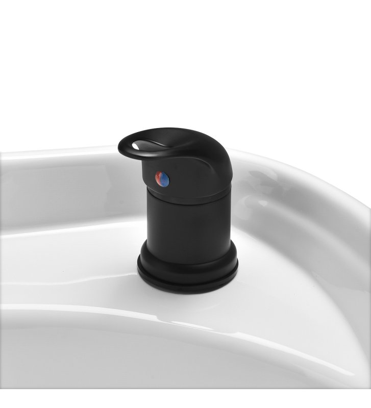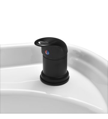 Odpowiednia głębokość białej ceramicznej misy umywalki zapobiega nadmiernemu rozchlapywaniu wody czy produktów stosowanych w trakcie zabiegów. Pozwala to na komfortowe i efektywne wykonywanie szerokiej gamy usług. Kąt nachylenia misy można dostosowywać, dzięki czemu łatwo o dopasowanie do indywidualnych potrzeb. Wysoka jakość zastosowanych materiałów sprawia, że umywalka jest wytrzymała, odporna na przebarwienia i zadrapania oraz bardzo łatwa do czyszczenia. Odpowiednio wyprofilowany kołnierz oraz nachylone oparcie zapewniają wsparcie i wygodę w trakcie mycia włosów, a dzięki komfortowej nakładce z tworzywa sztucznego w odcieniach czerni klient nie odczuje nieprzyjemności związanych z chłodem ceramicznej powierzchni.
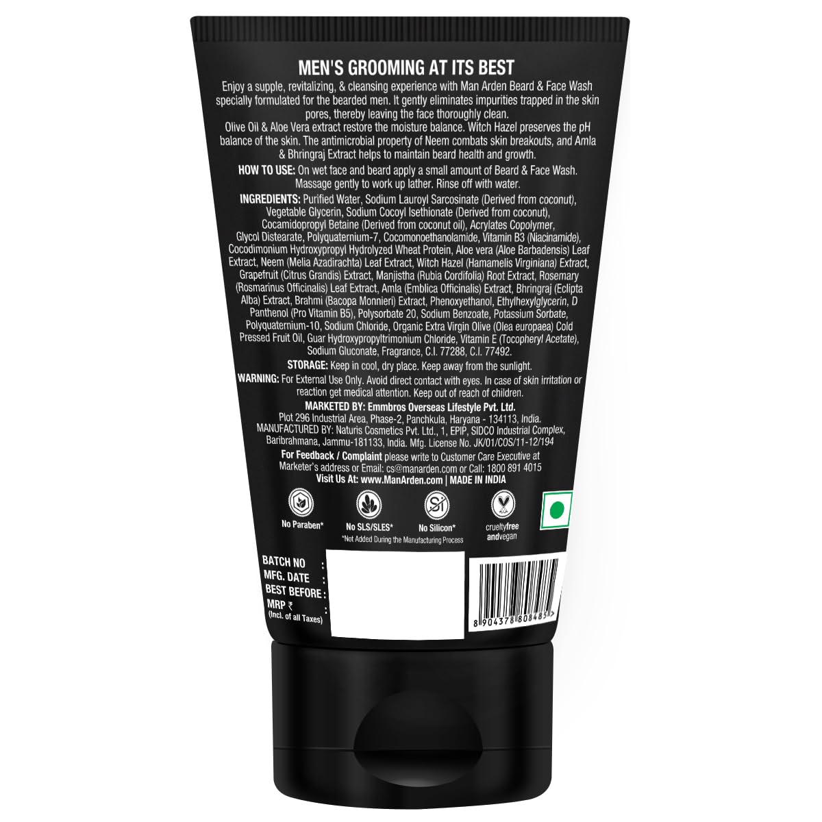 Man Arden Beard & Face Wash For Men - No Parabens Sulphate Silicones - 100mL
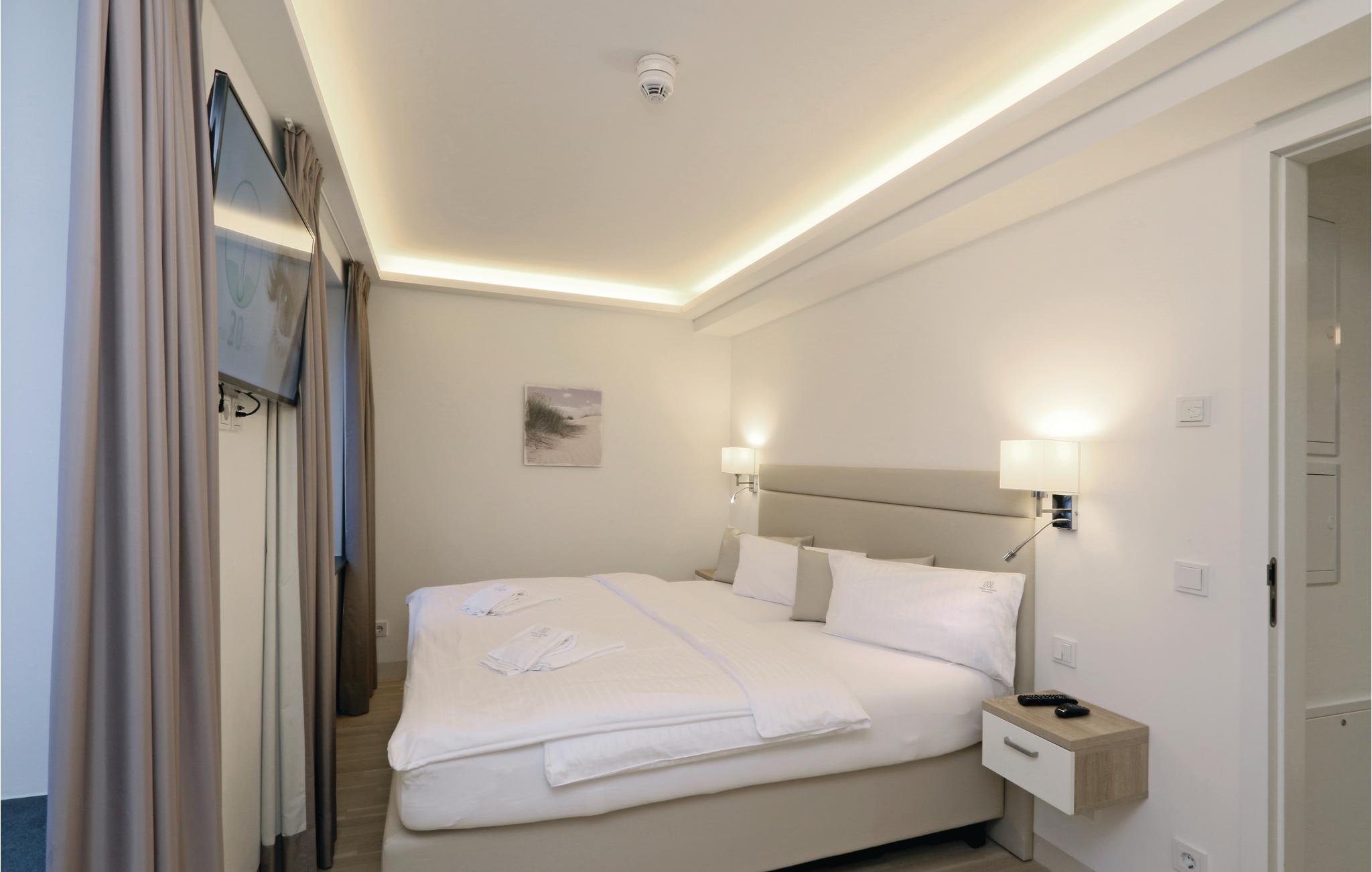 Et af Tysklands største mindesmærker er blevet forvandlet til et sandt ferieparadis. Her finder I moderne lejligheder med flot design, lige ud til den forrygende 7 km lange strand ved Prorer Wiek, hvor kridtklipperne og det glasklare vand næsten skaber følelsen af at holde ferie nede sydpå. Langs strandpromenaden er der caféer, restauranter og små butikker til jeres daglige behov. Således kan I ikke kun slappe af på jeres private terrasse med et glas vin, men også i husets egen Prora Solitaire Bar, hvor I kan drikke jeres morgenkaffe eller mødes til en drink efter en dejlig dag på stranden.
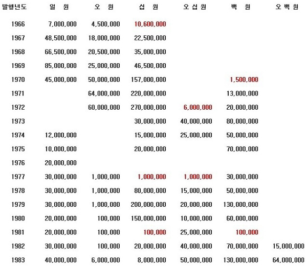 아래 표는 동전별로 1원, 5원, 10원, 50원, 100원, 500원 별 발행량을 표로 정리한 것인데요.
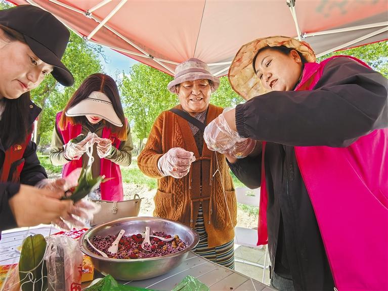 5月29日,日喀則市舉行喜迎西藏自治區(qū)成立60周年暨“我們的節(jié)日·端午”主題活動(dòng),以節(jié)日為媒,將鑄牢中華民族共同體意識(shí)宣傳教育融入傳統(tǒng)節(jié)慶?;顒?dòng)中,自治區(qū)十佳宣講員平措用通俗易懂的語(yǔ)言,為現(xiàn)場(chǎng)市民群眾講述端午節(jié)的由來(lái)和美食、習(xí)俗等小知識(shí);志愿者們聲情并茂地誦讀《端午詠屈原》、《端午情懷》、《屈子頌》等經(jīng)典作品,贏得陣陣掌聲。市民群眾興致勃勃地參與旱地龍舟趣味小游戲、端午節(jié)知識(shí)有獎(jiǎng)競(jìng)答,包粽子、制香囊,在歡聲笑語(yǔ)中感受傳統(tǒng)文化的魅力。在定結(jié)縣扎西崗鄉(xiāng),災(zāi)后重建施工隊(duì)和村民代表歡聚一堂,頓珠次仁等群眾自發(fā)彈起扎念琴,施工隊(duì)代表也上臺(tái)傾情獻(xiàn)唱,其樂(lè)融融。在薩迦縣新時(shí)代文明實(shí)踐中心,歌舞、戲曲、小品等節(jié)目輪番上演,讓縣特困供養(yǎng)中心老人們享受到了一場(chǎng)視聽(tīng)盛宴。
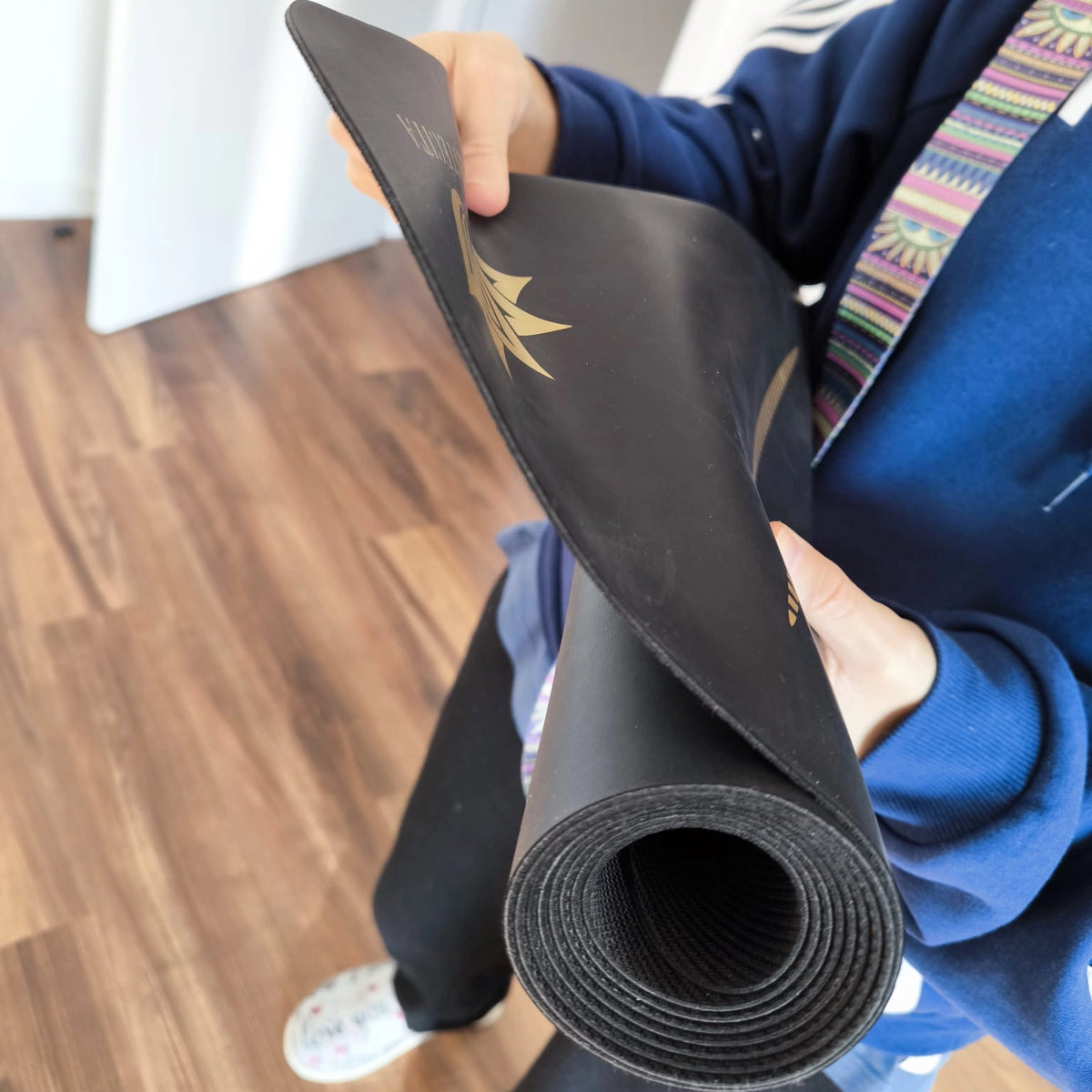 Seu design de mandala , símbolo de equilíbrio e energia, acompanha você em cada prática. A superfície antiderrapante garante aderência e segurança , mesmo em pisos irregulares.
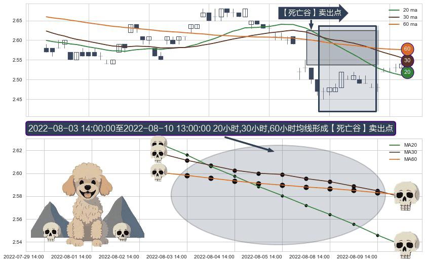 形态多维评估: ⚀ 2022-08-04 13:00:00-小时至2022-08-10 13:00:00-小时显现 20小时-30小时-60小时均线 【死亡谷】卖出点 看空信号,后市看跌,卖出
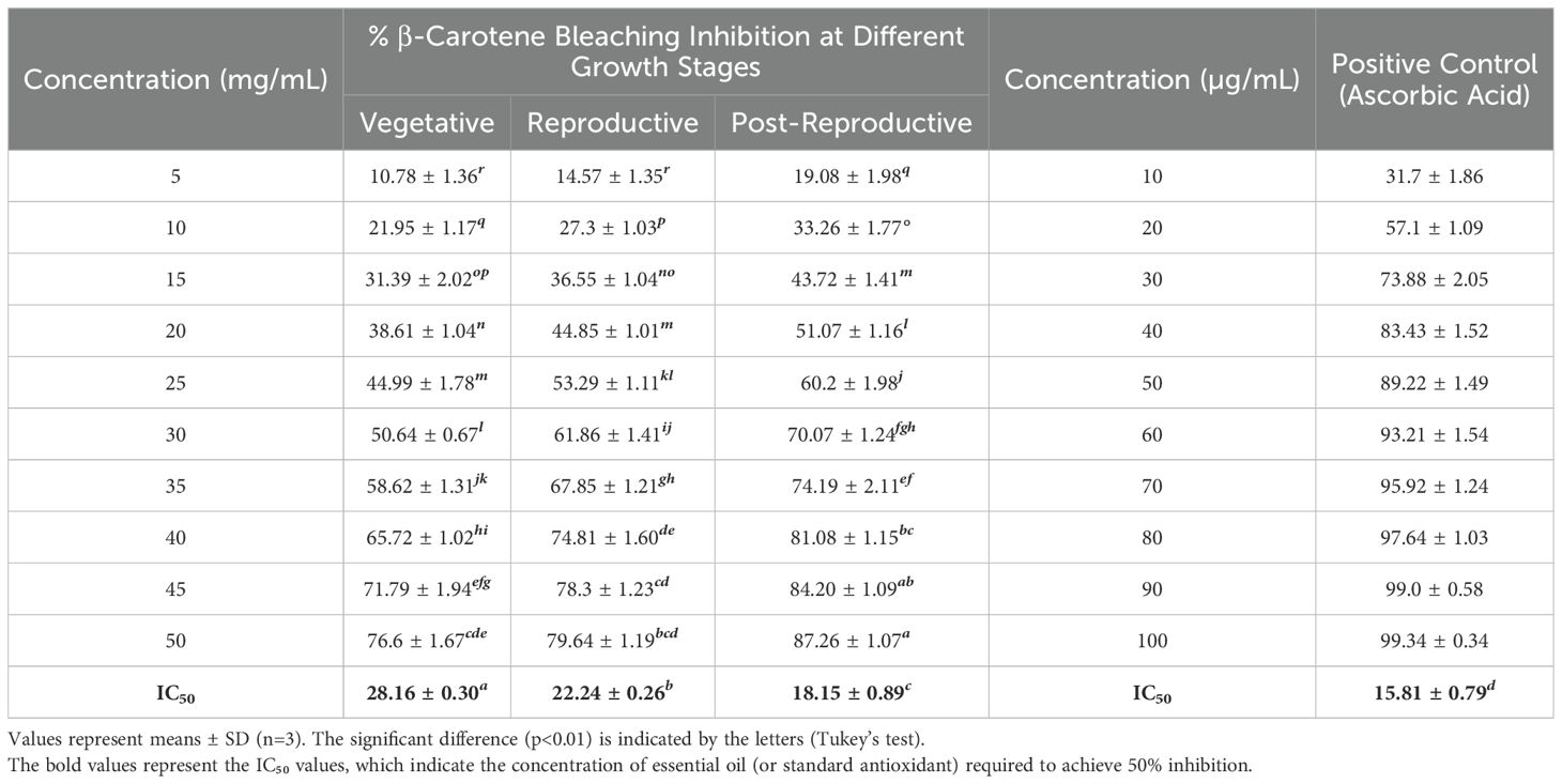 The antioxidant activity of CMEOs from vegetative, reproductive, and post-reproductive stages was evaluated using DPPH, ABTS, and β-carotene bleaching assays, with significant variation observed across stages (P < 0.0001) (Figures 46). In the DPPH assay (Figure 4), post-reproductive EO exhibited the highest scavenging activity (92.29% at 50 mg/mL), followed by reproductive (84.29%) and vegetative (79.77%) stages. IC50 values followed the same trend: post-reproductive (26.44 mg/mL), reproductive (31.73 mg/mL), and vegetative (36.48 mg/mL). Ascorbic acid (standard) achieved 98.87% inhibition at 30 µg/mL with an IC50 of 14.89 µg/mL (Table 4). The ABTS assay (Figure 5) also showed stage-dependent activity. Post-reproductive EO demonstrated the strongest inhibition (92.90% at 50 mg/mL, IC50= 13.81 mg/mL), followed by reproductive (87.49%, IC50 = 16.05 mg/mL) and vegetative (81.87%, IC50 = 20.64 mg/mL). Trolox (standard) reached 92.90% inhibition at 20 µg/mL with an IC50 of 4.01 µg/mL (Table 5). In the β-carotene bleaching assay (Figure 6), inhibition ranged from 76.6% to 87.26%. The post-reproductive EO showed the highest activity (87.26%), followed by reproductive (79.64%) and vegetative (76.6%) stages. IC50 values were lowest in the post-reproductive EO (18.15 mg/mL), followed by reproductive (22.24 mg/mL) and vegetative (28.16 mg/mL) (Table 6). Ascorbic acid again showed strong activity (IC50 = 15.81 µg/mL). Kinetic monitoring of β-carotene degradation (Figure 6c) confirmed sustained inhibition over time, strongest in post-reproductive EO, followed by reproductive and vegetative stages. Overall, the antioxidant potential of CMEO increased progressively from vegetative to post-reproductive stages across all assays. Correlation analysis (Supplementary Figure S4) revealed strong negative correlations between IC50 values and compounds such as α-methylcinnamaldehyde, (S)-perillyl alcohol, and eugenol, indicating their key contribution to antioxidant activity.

> WHAT IS NEEDED:
Can the lines from the start of the records through the line with "Seu design de" be given again exactly, with the pictures left out?

> RESULT OF THIS TASK:
 Odpowiednia głębokość białej ceramicznej misy umywalki zapobiega nadmiernemu rozchlapywaniu wody czy produktów stosowanych w trakcie zabiegów. Pozwala to na komfortowe i efektywne wykonywanie szerokiej gamy usług. Kąt nachylenia misy można dostosowywać, dzięki czemu łatwo o dopasowanie do indywidualnych potrzeb. Wysoka jakość zastosowanych materiałów sprawia, że umywalka jest wytrzymała, odporna na przebarwienia i zadrapania oraz bardzo łatwa do czyszczenia. Odpowiednio wyprofilowany kołnierz oraz nachylone oparcie zapewniają wsparcie i wygodę w trakcie mycia włosów, a dzięki komfortowej nakładce z tworzywa sztucznego w odcieniach czerni klient nie odczuje nieprzyjemności związanych z chłodem ceramicznej powierzchni.
 Man Arden Beard & Face Wash For Men - No Parabens Sulphate Silicones - 100mL
 Et af Tysklands største mindesmærker er blevet forvandlet til et sandt ferieparadis. Her finder I moderne lejligheder med flot design, lige ud til den forrygende 7 km lange strand ved Prorer Wiek, hvor kridtklipperne og det glasklare vand næsten skaber følelsen af at holde ferie nede sydpå. Langs strandpromenaden er der caféer, restauranter og små butikker til jeres daglige behov. Således kan I ikke kun slappe af på jeres private terrasse med et glas vin, men også i husets egen Prora Solitaire Bar, hvor I kan drikke jeres morgenkaffe eller mødes til en drink efter en dejlig dag på stranden.
 아래 표는 동전별로 1원, 5원, 10원, 50원, 100원, 500원 별 발행량을 표로 정리한 것인데요.
 5月29日,日喀則市舉行喜迎西藏自治區(qū)成立60周年暨“我們的節(jié)日·端午”主題活動(dòng),以節(jié)日為媒,將鑄牢中華民族共同體意識(shí)宣傳教育融入傳統(tǒng)節(jié)慶?;顒?dòng)中,自治區(qū)十佳宣講員平措用通俗易懂的語(yǔ)言,為現(xiàn)場(chǎng)市民群眾講述端午節(jié)的由來(lái)和美食、習(xí)俗等小知識(shí);志愿者們聲情并茂地誦讀《端午詠屈原》、《端午情懷》、《屈子頌》等經(jīng)典作品,贏得陣陣掌聲。市民群眾興致勃勃地參與旱地龍舟趣味小游戲、端午節(jié)知識(shí)有獎(jiǎng)競(jìng)答,包粽子、制香囊,在歡聲笑語(yǔ)中感受傳統(tǒng)文化的魅力。在定結(jié)縣扎西崗鄉(xiāng),災(zāi)后重建施工隊(duì)和村民代表歡聚一堂,頓珠次仁等群眾自發(fā)彈起扎念琴,施工隊(duì)代表也上臺(tái)傾情獻(xiàn)唱,其樂(lè)融融。在薩迦縣新時(shí)代文明實(shí)踐中心,歌舞、戲曲、小品等節(jié)目輪番上演,讓縣特困供養(yǎng)中心老人們享受到了一場(chǎng)視聽(tīng)盛宴。
 Seu design de mandala , símbolo de equilíbrio e energia, acompanha você em cada prática. A superfície antiderrapante garante aderência e segurança , mesmo em pisos irregulares.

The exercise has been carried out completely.